Starting at the line below that contains "1 - Faro - Faro - 0" and ending at the line that contains "Gulfstream G200 Cockpit Heatshields", retype each line exactly as it stands, but omit the pictures.

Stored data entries
==*==
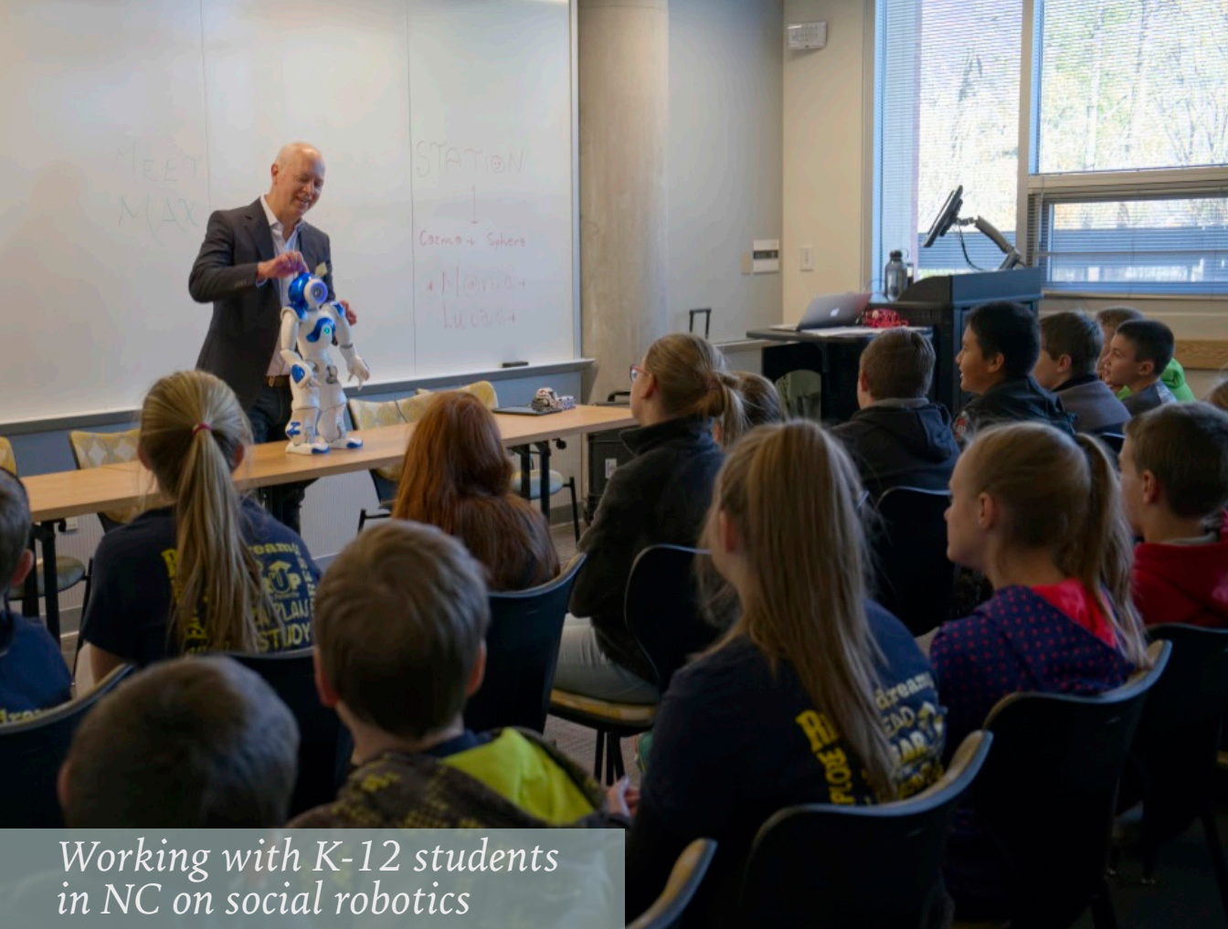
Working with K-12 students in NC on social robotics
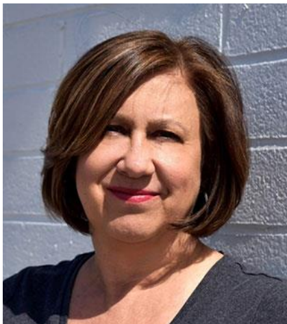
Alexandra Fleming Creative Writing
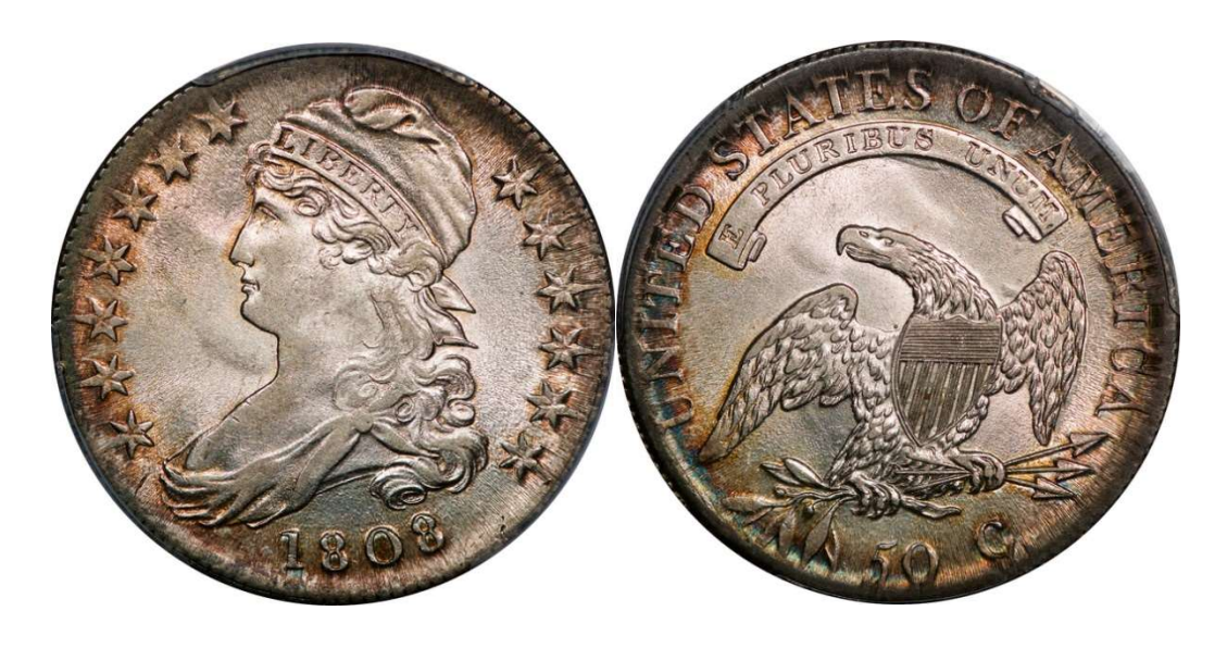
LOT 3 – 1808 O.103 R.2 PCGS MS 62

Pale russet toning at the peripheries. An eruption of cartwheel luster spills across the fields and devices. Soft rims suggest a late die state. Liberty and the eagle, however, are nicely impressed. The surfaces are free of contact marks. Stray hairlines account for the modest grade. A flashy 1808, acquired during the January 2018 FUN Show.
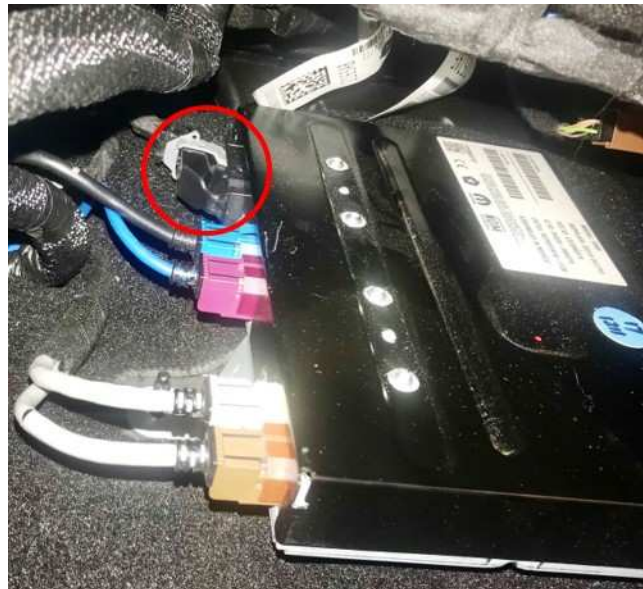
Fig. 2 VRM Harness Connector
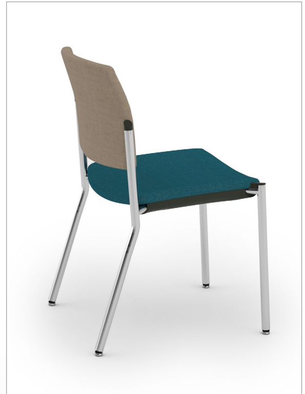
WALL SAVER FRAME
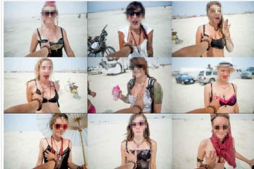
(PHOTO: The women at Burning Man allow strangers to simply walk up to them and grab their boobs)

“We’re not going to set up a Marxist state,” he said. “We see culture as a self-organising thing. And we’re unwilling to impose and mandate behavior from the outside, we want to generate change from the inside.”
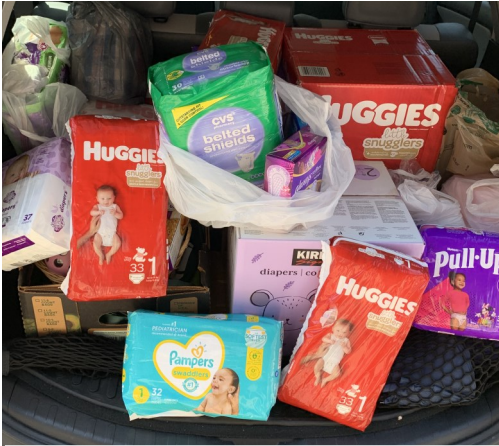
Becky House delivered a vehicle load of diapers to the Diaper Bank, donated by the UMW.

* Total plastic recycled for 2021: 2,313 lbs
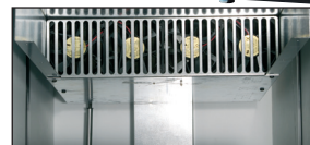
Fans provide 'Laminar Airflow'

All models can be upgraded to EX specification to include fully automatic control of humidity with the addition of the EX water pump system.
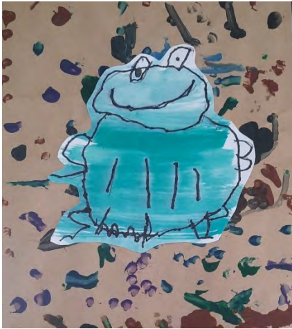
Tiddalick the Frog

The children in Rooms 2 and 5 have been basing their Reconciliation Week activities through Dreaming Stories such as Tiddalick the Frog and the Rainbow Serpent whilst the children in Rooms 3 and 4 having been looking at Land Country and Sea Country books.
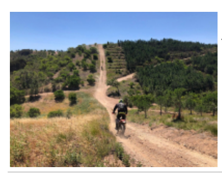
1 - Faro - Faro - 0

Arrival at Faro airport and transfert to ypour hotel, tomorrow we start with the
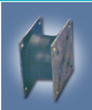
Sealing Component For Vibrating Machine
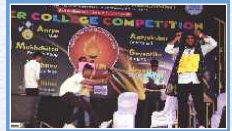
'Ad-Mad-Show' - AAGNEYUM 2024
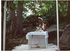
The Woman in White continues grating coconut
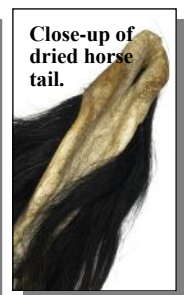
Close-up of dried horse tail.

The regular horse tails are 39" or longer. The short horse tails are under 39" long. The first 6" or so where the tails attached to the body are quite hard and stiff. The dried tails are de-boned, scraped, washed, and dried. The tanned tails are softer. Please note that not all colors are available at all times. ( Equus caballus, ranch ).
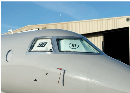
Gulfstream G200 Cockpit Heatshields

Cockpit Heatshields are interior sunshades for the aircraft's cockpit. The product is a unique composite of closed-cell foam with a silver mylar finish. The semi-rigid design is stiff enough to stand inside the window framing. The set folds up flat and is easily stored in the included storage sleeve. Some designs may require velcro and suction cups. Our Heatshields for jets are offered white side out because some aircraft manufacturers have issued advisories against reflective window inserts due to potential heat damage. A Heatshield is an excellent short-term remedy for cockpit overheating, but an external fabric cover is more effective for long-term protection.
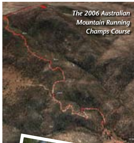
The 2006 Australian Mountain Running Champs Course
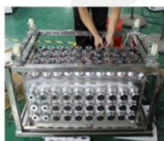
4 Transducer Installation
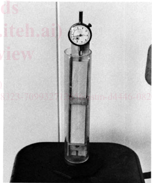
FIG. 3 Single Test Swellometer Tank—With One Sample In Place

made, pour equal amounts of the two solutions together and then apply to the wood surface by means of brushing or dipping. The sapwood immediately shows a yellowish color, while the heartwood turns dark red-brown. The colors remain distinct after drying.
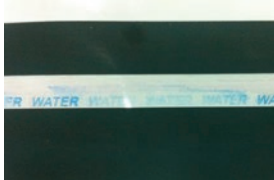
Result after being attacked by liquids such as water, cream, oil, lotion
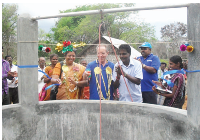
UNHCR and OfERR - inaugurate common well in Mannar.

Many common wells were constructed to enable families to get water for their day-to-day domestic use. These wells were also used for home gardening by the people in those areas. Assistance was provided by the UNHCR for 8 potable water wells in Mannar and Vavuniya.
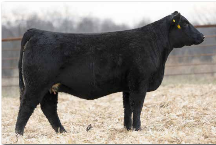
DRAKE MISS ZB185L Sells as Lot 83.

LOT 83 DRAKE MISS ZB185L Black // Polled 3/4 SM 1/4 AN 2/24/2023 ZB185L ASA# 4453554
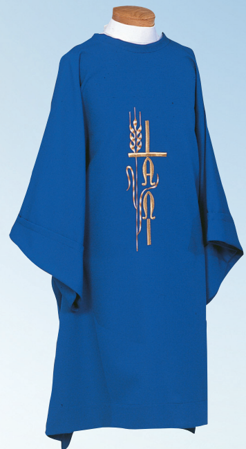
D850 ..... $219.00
==*==
EXERCISE ANSWER
1 - Faro - Faro - 0

Arrival at Faro airport and transfert to ypour hotel, tomorrow we start with the
Sealing Component For Vibrating Machine
'Ad-Mad-Show' - AAGNEYUM 2024
The Woman in White continues grating coconut
Close-up of dried horse tail.

The regular horse tails are 39" or longer. The short horse tails are under 39" long. The first 6" or so where the tails attached to the body are quite hard and stiff. The dried tails are de-boned, scraped, washed, and dried. The tanned tails are softer. Please note that not all colors are available at all times. ( Equus caballus, ranch ).
Gulfstream G200 Cockpit Heatshields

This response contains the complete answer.